Registration Levels¶
NLQL supports two levels of registration:
- Global Registration: Functions/operators/providers are registered globally and available to all NLQL instances
- Instance-Level Registration: Functions/operators/providers are registered to a specific NLQL instance only
Instance-level registrations take precedence over global registrations, allowing you to override global behavior for specific instances.
Custom Operators¶
Register domain-specific operators:
from nlql import register_operator
import re
@register_operator("HAS_EMAIL")
def has_email(text: str) -> bool:
"""Check if text contains an email address."""
pattern = r'\b[A-Za-z0-9._%+-]+@[A-Za-z0-9.-]+\.[A-Z|a-z]{2,}\b'
return bool(re.search(pattern, text))
@register_operator("HAS_URL")
def has_url(text: str) -> bool:
"""Check if text contains a URL."""
pattern = r'https?://[^\s]+'
return bool(re.search(pattern, text))
Use in queries:
Custom Functions¶
Add query functions:
from nlql import register_function
@register_function("word_count")
def word_count(text: str) -> int:
"""Count words in text."""
return len(text.split())
@register_function("days_ago")
def days_ago(days: int) -> str:
"""Get date N days ago."""
from datetime import datetime, timedelta
date = datetime.now() - timedelta(days=days)

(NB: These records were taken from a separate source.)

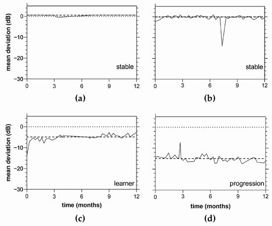 Example mean deviation (MD) trends over 12 months of visual field telemedicine for 4 participants: (a) stable data with no learning or fluctuation events; (b) stable with a single fluctuation event; (c) learning effect with fluctuation; (d) one case of progression on the MRFh (Progressor 1, Figure 9). The dashed lines indicate the median of all data points. Although the progression involves only a small change (approximately 2 dB), note how the data consistently falls under the median line towards the end of the monitoring period (right side of (d)).
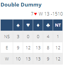 Hjerterkontrakt er mer «suspekt» da hjerteren må sitte 3-3 for å få tretten stikk, for spar må trumfes der også for å få det trettende stikket for spar knekt. Så at «par» (best mulige score) liksom er +1510 til Ø/V for 7 hjerter med tretten stikk er bare teori og egentlig tull og tøys hvis en snakker om praktisk bridge.
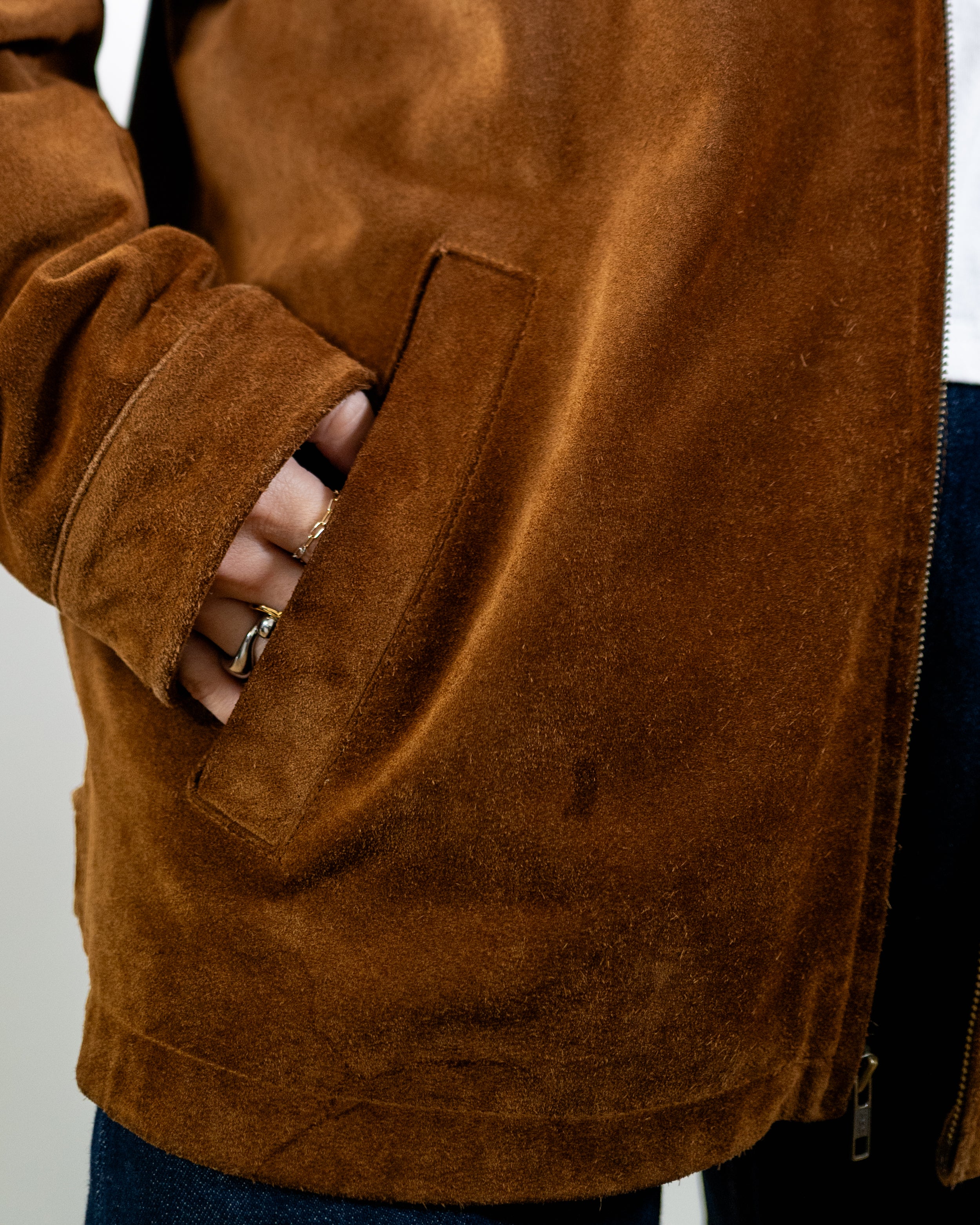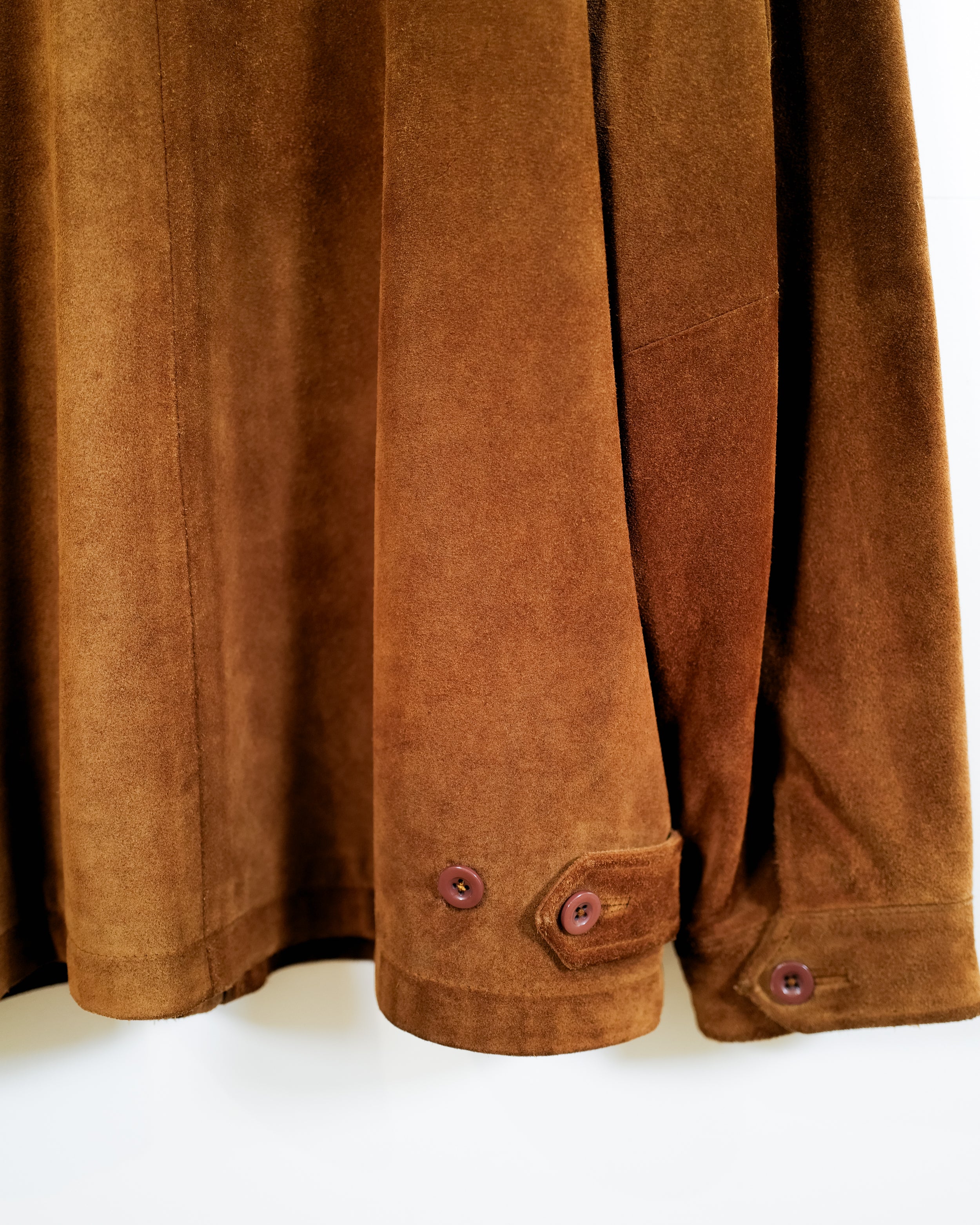 A vintage camel brown suede Jacket. Has signs of previous wear and a small stain on the right pocket (see photos). Hangs loose and comfortable. Fully lined with pockets. Suede is heavier duty and feels perfectly worn in.
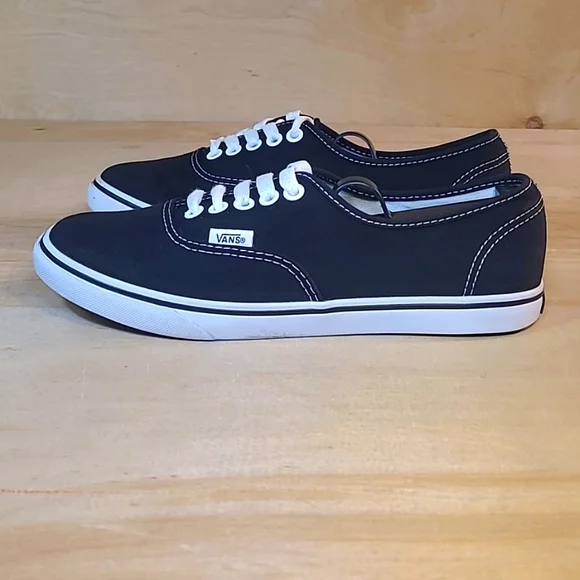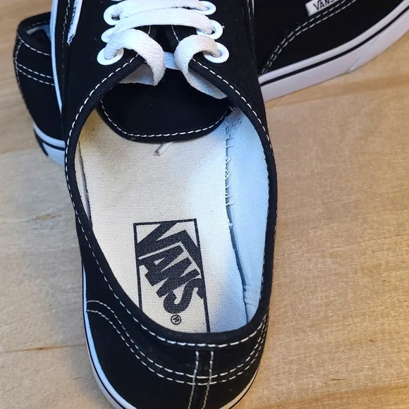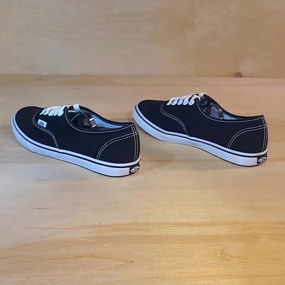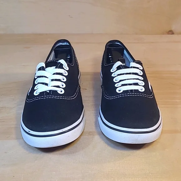 Vans Black and White Canvas Unisex Mens Size 6 Womens Size 7.5 SneakersSleek black canvas sneakers with white laces. Iconic Vans logo on the side.*Size Mens 6/7.5 Womens*Pre-Loved*Item In Pictures Is The Exact Item You Are Purchasing*Shoes Are In Excellent Condition *Fast Shipping *Carefully Wrapped and Packaged*Offers Are Always Welcomed *Bundle 2 Or More Items and Save 20% Off*Please Contact Us With Any Questions *Follow Us For New Listings
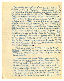 Bep klaagt dat ze haar proeven (v.d. Engelsche kroniek) niet krijgt, ofschoon ze haar copy toch tijdig heeft ingeleverd, en zelfs voortijdig. Zou je hiernaar ook willen informeeren en op regelmatigheid willen aandringen, want dit is nu weer een flinke streep door onze rekening wat de ‘inkomsten’ betreft. Het is een pest als je zoo rekenen moet, maar que veux-tu? Dit is nu onze situaasje.
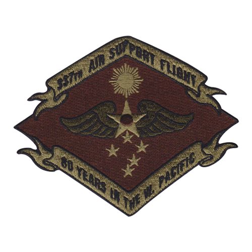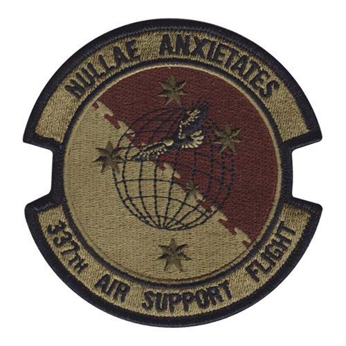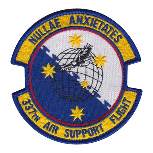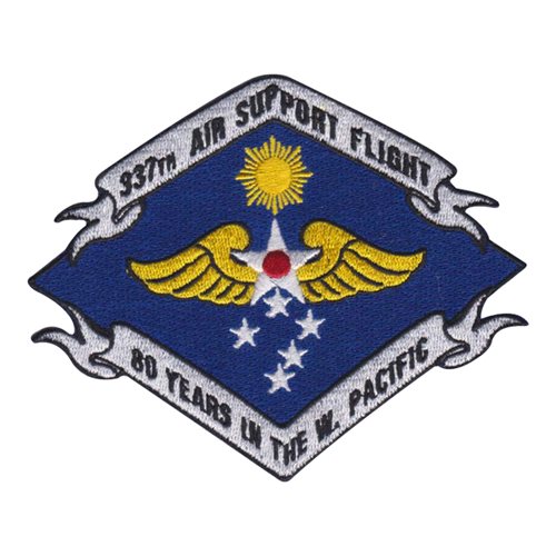 Custom patches for the 337 Air Support Flight at Yokota Air Base, Japan. Our 337 ASUF patches are 100% embroidered with Velcro backing.
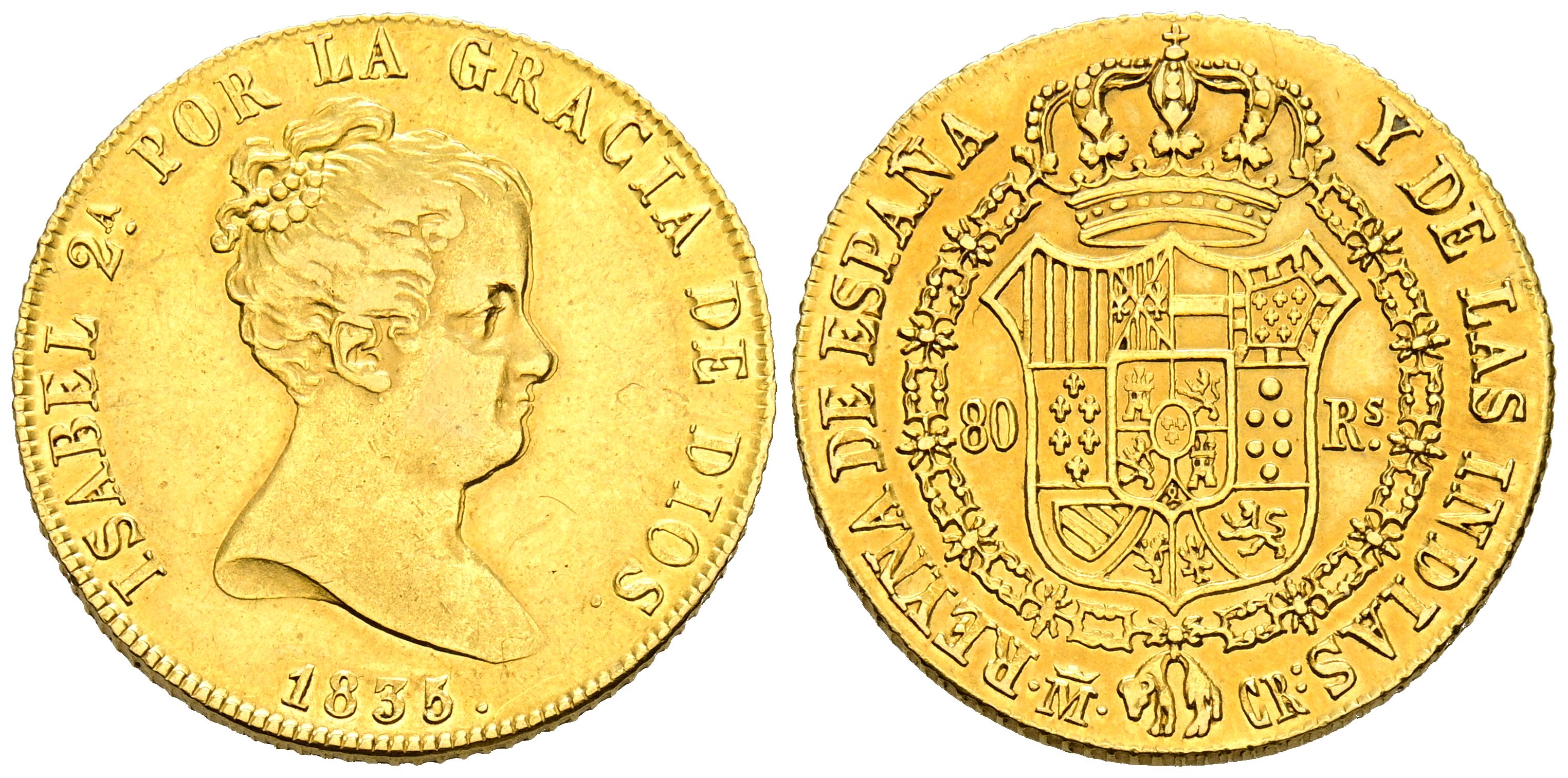 ISABEL II (1833-1868). 80 Reales. (Au. 6,77g /21mm). 1835. Madrid CR. (Cal-2019-720). EBC-/EBC.
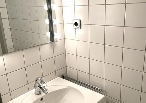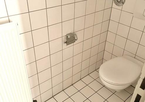 Ebenfalls befindet sich hier eine WC-Anlage mit Toilette und Wachbecken.
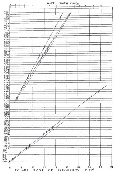 ![]() Figura 20. O gráfico de Moseley, relacionando a sequência dos elementos na Tabela Periódica, denominada por ele de sequência de números atômicos, contra um parâmetro relacionado à raiz quadrada da frequência dos raios X para cada elemento62
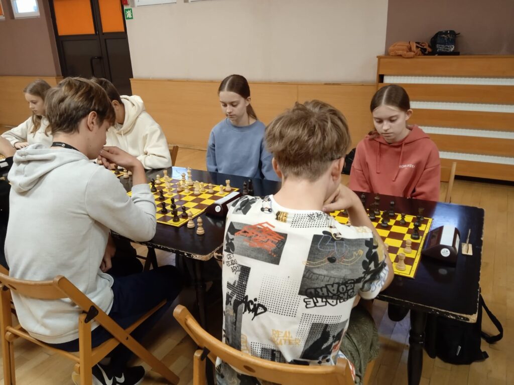Z radością informujemy, że nasza drużyna w składzie: Alicja Skoneczna z kl. 7 b, Emilia Skoneczna z kl. 7 b, Hanna Sobczyk z kl. 8 a oraz Piotr Wyrobek z kl. 8 s, zajęła II miejsce w finale powiatowym Igrzysk Młodzieży w Szachach, który odbył się 24 października w klubie „Wisus” w Żorach. Gratulujemy zawodnikom!
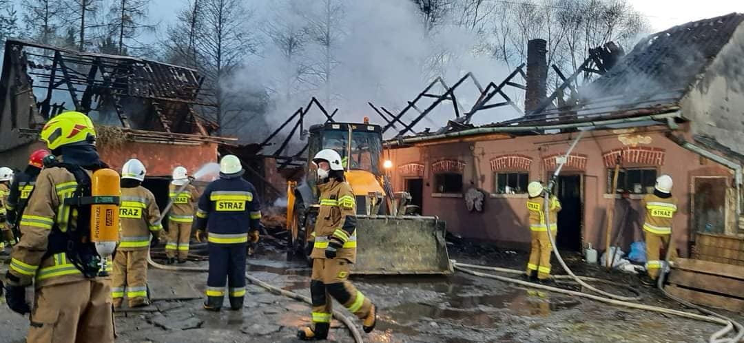 Ogień pojawił się na budynku stajni i przedostał się na stodołę. Jak informowali strażacy, z uwagi na szybkie rozprzestrzenianie się ognia, zagrożony był również dom mieszkalny.

return date.strftime("%Y-%m-%d")
Use in queries:
Instance-Level Registration¶
You can register functions, operators, and embedding providers to specific NLQL instances instead of globally. This is useful for:
- Multi-tenant applications with different business logic per tenant
- A/B testing different implementations
- Isolating test environments from production
- Domain-specific query engines with specialized functions
Example: Different Function Implementations per Instance
from nlql import NLQL
from nlql.adapters import MemoryAdapter
# Create two NLQL instances
nlql1 = NLQL(adapter=adapter1)
nlql2 = NLQL(adapter=adapter2)
# Register different implementations to each instance
@nlql1.register_function("WORD_COUNT")
def word_count_total(text: str) -> int:
"""Count total words."""
return len(text.split())
@nlql2.register_function("WORD_COUNT")
def word_count_unique(text: str) -> int:
"""Count unique words."""
return len(set(text.lower().split()))
# Each instance uses its own implementation
results1 = nlql1.execute("SELECT CHUNK WHERE WORD_COUNT(content) > 10")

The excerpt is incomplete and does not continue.